Sure, you mostly get away with it but inevitably problems will arise that you have no idea what's causing them or even that they are a problem, so you spend days and weeks chasing what the expert figures out in minutes.

That's why I prefer to keep the domain when changing jobs because it adds up to being just a software developer.

  • xlii 13 hours ago

    I disagree, because in high specialty domains you even cannot reuse knowledge as it might be proprietary.

    On the other hand patterns are universal. You sit in a meeting where someone raises problem of „database slow, we have 50M of log entries, we need to delete them” and all the familiarity bells already ring.

    The open domain knowledge IMO is something that can be extracted from LLMs. Ask LLM for disk-based data cache and it will happily provide. But it won’t ask how many writers or readers you have. For me even imagining this scenario makes my spidey sense tingling.

    • nyanpasu64 6 hours ago

      What's the problem with 50M log entries and deletion, and a disk-based cache?

  • harrall 14 hours ago

    While that is true, you also end up learning foundational concepts which are frequently common between fields. You get a major head start when learning.

    For example, when learning electrical engineering, you might be forced to get good at vector calculus, and then when you move over to mapping software or physical chemistry, it turns out you use the same vector calculus.

    The application of vector calculus might vary but it sure takes way longer to learn vector calculus than to learn how to apply it differently.

    Vector calculus probably isn’t the best example but you get what I mean. I just find juniors learn new things so slowly. Hell, when I look back at my university days, it took me a long time to learn anything compared to now.

  • CamouflagedKiwi 5 hours ago

    I don't agree.

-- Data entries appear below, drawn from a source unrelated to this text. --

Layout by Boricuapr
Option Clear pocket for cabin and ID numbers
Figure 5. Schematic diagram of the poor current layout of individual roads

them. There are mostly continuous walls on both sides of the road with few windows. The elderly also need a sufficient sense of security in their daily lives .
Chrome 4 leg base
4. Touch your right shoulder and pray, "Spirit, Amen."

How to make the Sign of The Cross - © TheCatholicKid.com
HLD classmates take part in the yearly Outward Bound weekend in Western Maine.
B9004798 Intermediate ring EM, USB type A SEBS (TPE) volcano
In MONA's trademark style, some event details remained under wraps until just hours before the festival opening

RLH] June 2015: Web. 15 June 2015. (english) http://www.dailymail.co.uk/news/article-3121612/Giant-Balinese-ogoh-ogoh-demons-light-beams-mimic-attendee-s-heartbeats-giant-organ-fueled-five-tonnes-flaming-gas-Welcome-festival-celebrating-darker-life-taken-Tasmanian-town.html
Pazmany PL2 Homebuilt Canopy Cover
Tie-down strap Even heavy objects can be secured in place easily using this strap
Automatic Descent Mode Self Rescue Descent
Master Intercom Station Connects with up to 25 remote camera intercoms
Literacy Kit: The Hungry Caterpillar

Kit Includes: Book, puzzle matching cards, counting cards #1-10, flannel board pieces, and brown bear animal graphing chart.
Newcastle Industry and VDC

Domain-specific expertise is valuable (even essential) but can be learned, and usually rather more easily than learning to become an expert software engineer.

    I've worked in a number of almost completely disparate domains over my career, each one needed maybe a year or so to become reasonably knowledgeable on, but it's not the same as resetting back to a complete software novice each time.

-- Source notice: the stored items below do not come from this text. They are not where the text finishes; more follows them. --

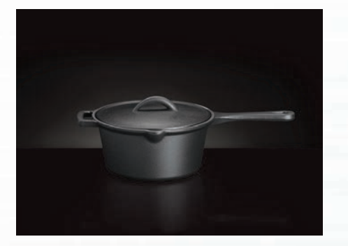
CAST IRON SAUCE PAN WITH LID

Visit napoleon.com to see Napoleon's complete line of grilling accessories.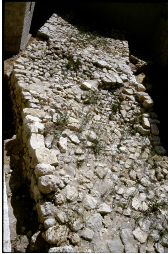
Hezekiah's "Broad Wall" in northwestern part of the old city of Jerusalem

Nehemiah, writing by divine inspiration, records the exact date of this decree: " in the month Nisan, in the twentieth year of Artaxerxes the king " (2:1).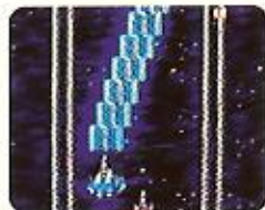
Maxed out blue shot

Note: If you are involved in a two player game try shooting the jet stream of the other player. A special weapon will appear that will knock your socks off. You have to see it to believe it!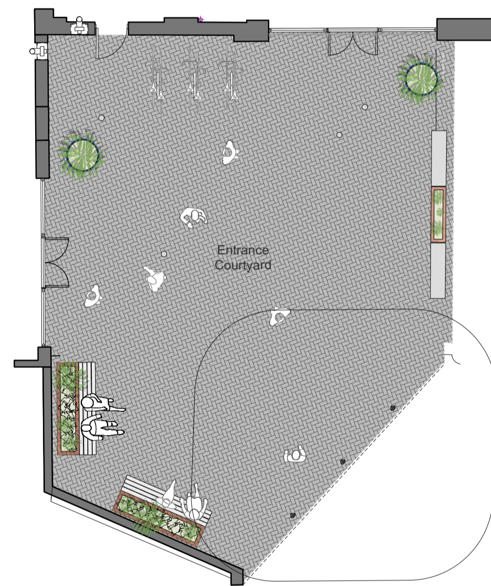
3 Key Plan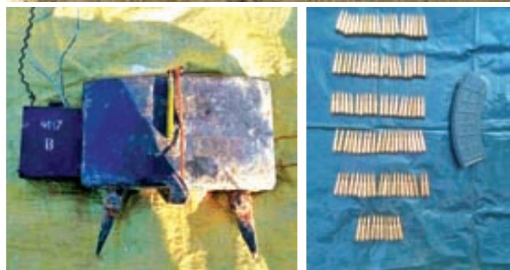
Land mines and ammunition seized in Mongko.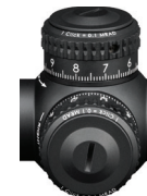
MRAD Models “1 Click = 0.1 MRAD”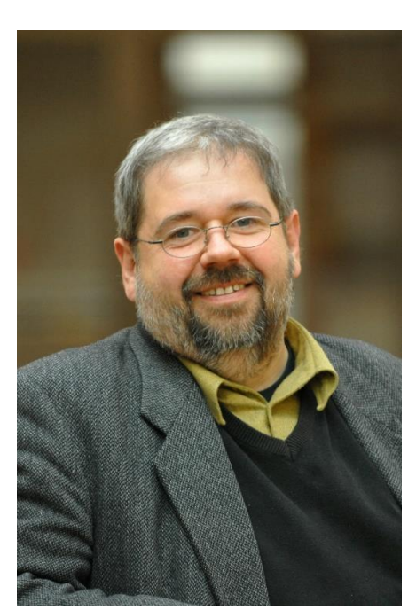
PROF. DR. WOLFGANG GEORG ARLT

FDI; Growth; Exchange rates; International trade; Outsourcing/off-shoring; International education; International tourism flows; The macro environment and macroeconomic policy

    Also, the people who have been deeply embedded into a domain for a long time tend to overestimate how much it takes. I've seen exactly this with your example of financial software; yes there is domain knowledge but the clear industry lesson has been that it's far easier for software engineers to learn that than for the domain experts to learn software engineering.

  • jillesvangurp 8 hours ago

    Disagree. A lot of experience comes from a long career of changing projects and domains. You keep on encountering the same issues and problems in different contexts. I've been doing that for thirty years or so. Getting productive in new projects quickly is a good skill to have. It requires being efficient and mastering new things.

    This is also the number one skill you will learn by getting a good education. Education can come in many forms. Some people never go to university for this and are self taught. It's easier than ever to teach yourself whatever you want to learn. In the end it's not about the stuff you learn but about learning to learn stuff. And having learned a lot of stuff, makes learning a new thing relatively straightforward. It's more of the same.

  • philipswood 14 hours ago

    The edge is not slight. And usually in a new domain you're usually not completely clueless. There is value in growing a truly deep expertise by spending a lot of time in one domain, but a lot of the deeper skills do transfer (or partially transfer) and having mastered a few domains tend to give you deeper meta-skills.

  • jffhn 4 hours ago

    Domains are often not very deep, as a lot of people need to understand them.

    I've seen smart people quickly figure things out and propose upgrades in a matter of weeks, on points lifelong experts overlooked, or were too lazy to dig.

    Reminds me of a company that was looking for people good in both the domain and software, to bridge the experts/devs gap (which is often a bottleneck, information flow between brains being slow and unreliable). They found out that it was much easier to teach the domain to devs, than to teach software to domain experts, i.e. that software was the hard skill.